Wednesday, February 19, 2014

The New Bankers

Here is a great New York Times article on Blackstone's GSO debt financing unit (the same GSO that manages the Franklin Square non-traded BDCs) and its investments in Ireland.  The story is a fascinating read.  The recent financial crisis was, in my opinion, the most significant financial event since the Great Depression, and I believe we still haven't seen all its ramifications.  (And, more importantly, we have not learned the hard lessons the crisis was screaming at us.)

The rise of firms like Blackstone, which neatly stepped into the financial crisis' banking void, is real.  The article ends on an ominous note:
And the type of shadow banking that most concerns regulators — short-term borrowing involving broker dealers, hedge funds and money market funds — does not apply to Blackstone.

But, there is no doubt that its fast-growing credit business is breaking new financial ground.

“If the fund in question knows right up front what the risks are and its exposure is quasi-equity in nature that can be beneficial,” said Adair Turner, formerly Britain’s top financial regulator and co-chairman of a comprehensive study of the shadow banking industry.

“But we also know that the financial industry is forever innovating and when it does it tends to put more leverage in the system so we have to watch this very carefully.”
With firms like Blackstone, which has $265 billion to invest, the new bankers are a major force in business.

Tuesday, February 18, 2014

Go Global

My Bloomberg app on my iPhone does not update its industry articles as fast as Bloomberg's website.  I read this article on Blackstone's view on real estate opportunities on my iPhone last night.  The article originally appeared last Thursday.  Anyway, I guess I'm glad the app is slow because I missed the story when it was first published.

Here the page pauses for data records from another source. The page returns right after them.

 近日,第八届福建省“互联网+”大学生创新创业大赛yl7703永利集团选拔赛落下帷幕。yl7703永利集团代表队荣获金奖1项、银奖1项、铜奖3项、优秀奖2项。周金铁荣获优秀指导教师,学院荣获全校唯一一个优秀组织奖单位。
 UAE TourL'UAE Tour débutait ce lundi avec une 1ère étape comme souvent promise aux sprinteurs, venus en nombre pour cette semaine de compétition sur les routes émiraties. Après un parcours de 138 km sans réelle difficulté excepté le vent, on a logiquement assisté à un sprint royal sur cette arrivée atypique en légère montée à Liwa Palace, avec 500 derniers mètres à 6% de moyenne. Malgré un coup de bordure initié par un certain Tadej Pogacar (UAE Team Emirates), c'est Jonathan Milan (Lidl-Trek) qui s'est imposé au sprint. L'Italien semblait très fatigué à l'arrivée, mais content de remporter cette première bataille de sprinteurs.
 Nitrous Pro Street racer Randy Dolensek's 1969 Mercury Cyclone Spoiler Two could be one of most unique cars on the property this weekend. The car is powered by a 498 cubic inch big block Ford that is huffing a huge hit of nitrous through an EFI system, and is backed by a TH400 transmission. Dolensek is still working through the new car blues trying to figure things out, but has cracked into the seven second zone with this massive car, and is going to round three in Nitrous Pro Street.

Blackstone is looking at the dislocation in emerging markets as an opportunity.  Of more interest to me is Blackstone's opinion on Europe:
While Europe’s economic crisis has eased, the shrinkage of loans and other assets that regulators are pressing banks to undertake will “be taking some oxygen” out of the region’s economies. Blackstone is forecasting “very slow growth,” (Jonathan) Gray said. (Mr. Gray is Blackstone's global head of real estate.)

For real estate investors, Gray expects forced sales by European banks to continue for several more years, fostering opportunity. Blackstone is seeking distressed warehouses, hotels and office buildings throughout the region, he said.

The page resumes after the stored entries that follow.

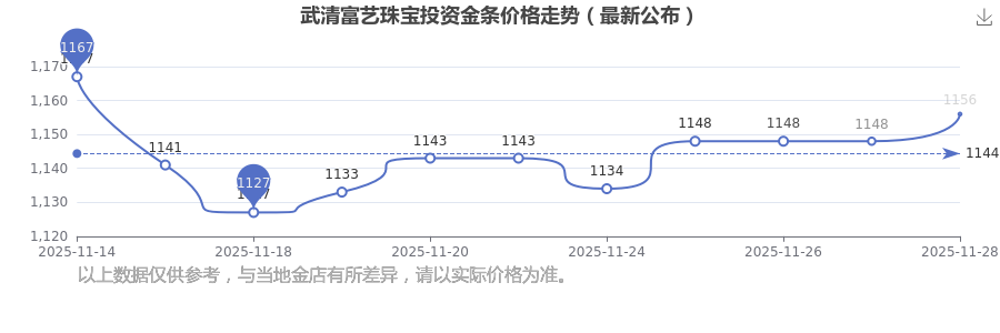 武清富藝珠寶的投資金條在今日(2025年11月29日),每克售價為1156.0元/克。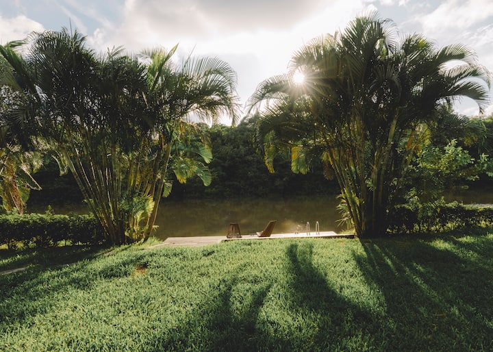 Კომფორტული სახლი მდინარის ოქროსფერ პირში აუზით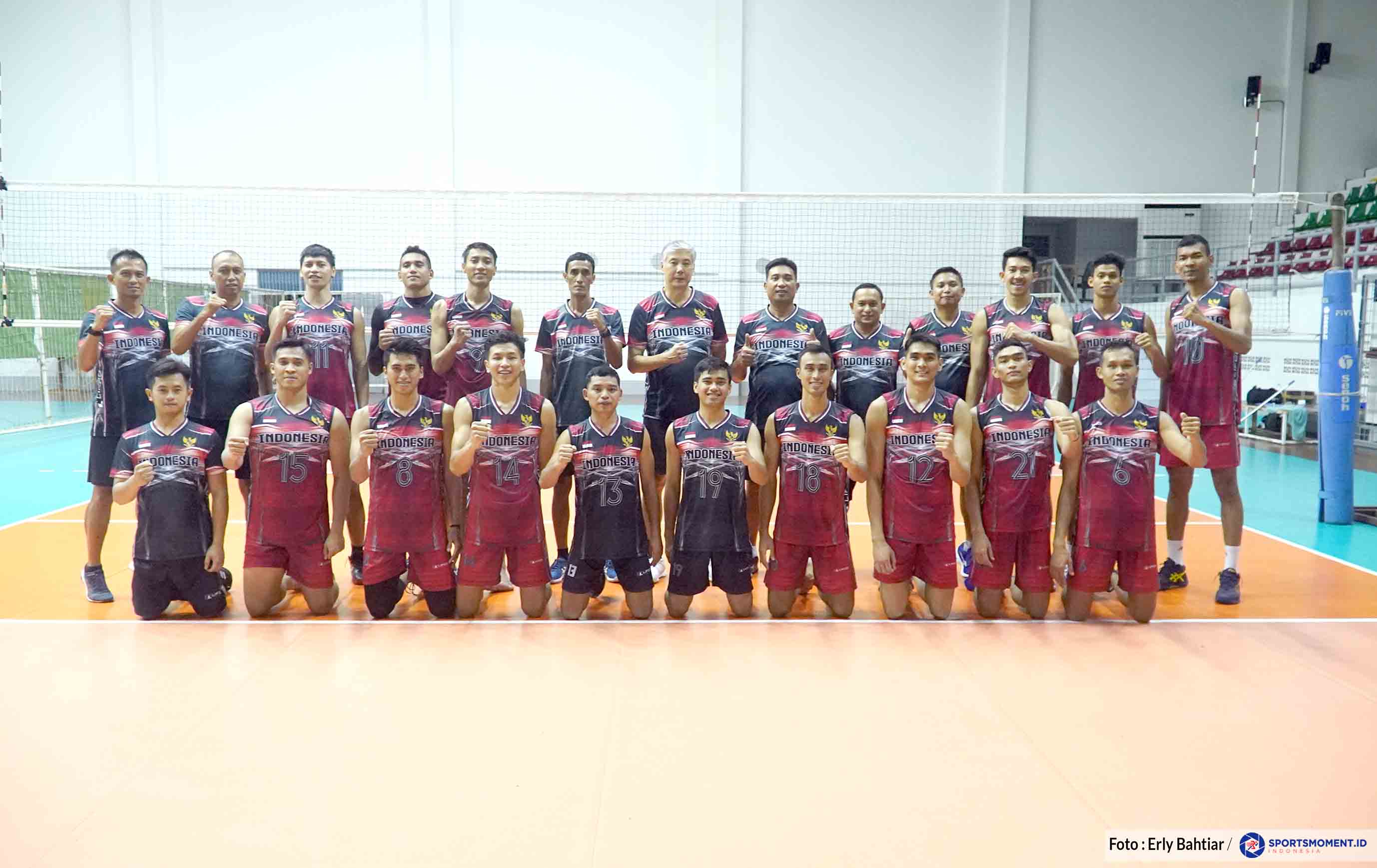 Tim Bola Voli Putra Indonesia untuk SEA Games 2022 Vietnam melakukan foto bersama di Padepokan Bola Voli di Sentul, Bogor pada Senin 25 April 2022 (Photo: Erly Bahtiar/Sportsmoment.id)

“When people are forced to sell, the pricing tends to be better,” he said. “In Europe, it’s not a growth story. It’s a distress story.”
Blackstone also sees "great strength" in the US housing market as construction still trails pre-recession levels.  Finally, Blackstone sees "good signs" in the US lodging market.  The "good signs" is somewhat substantiated by this Calculated Risk blog post that Las Vegas Convention traffic is 18% below pre-recession levels, telling me that one important demand component is still recovering.

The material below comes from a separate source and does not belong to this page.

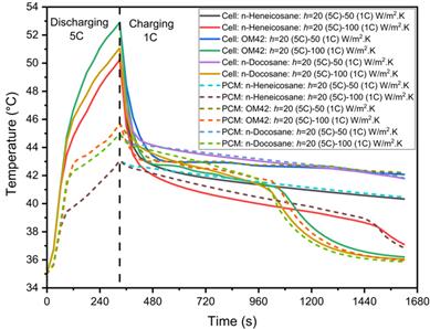 The selected PCMs, n-Heneicosane, OM42, and n-Docosane, are chosen for their melting points and thermal properties, optimal for maintaining battery temperature during high-rate discharging and charging cycle of 5C-1C configuration. The performance of battery-PCM configuration is examined under heat transfer coefficients ranging from 20 to 500 W/m²·K. The specifications and properties of the battery can be found in [13]. The thermophysical properties of PCMs are listed in Table 3.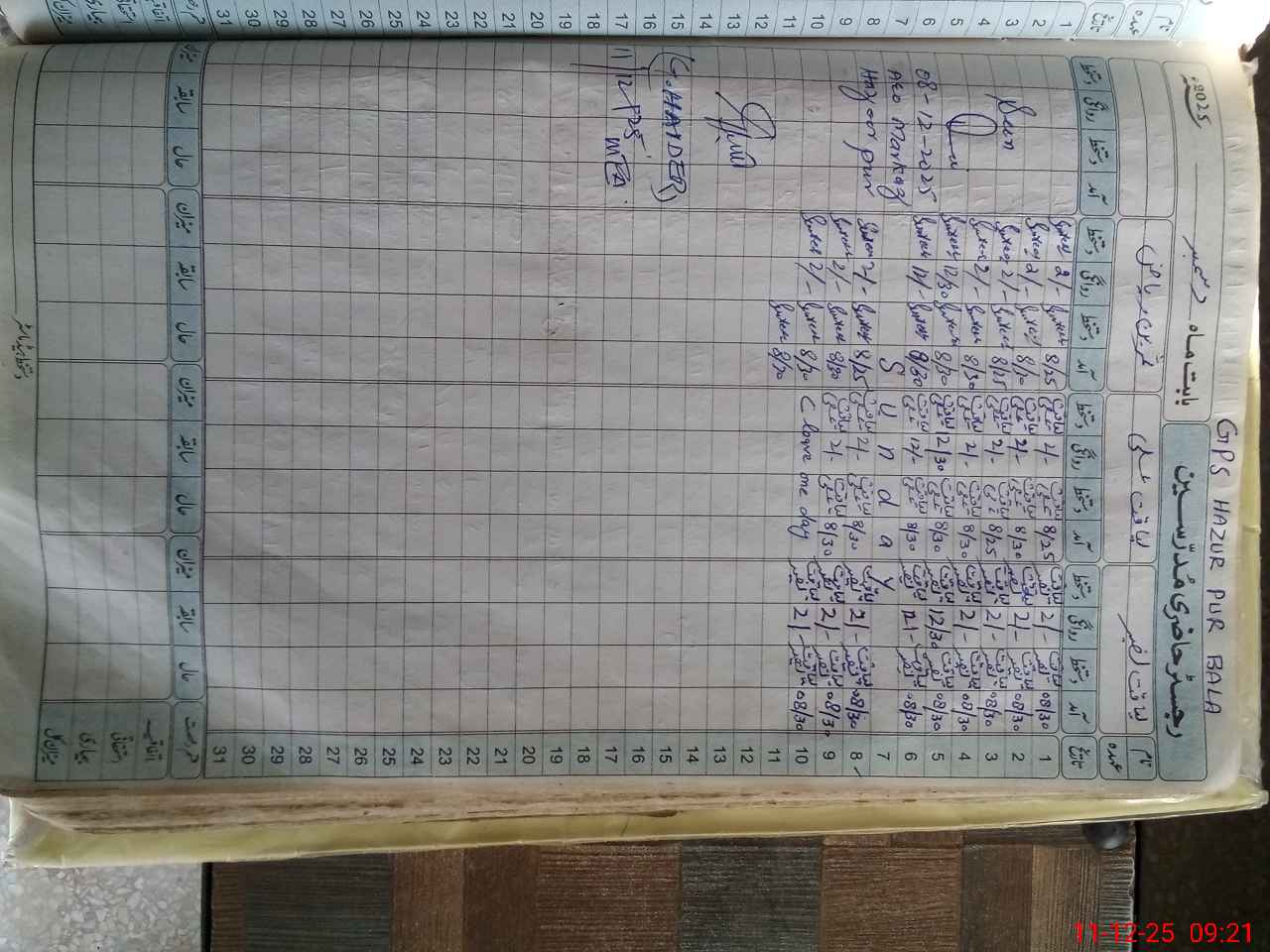 | Remarks (Use Separate Page if Required): LIAQAT NASEER AND LIAQAT ALI CAME SCHOOL AT 0925 AM | |||||

Of course the global head of real estate, responsible for an $80 billion portfolio, is going to be optimistic, but it's still interesting to read where one of the largest real estate investors in the world sees opportunities.


Work has intercepted blogging, but I expect more regular posts soon.   In the mean time, I've been at a loss for a pithy analysis of Kite Realty's $1.2 billion acquisition of the non-traded REIT Inland Diversified, other than it's hard to believe this deal would not have happened without American Realty Capital's and Cole's successful liquidity in several of their REITs.  Combine this with the sour aftertaste from Inland's last listing, Retail Properties of America, and any price above the $10.00 per share offer price paid by investors is a win for Inland, and for Inland Diversified shareholders who'll get fully liquidity when the merger closes.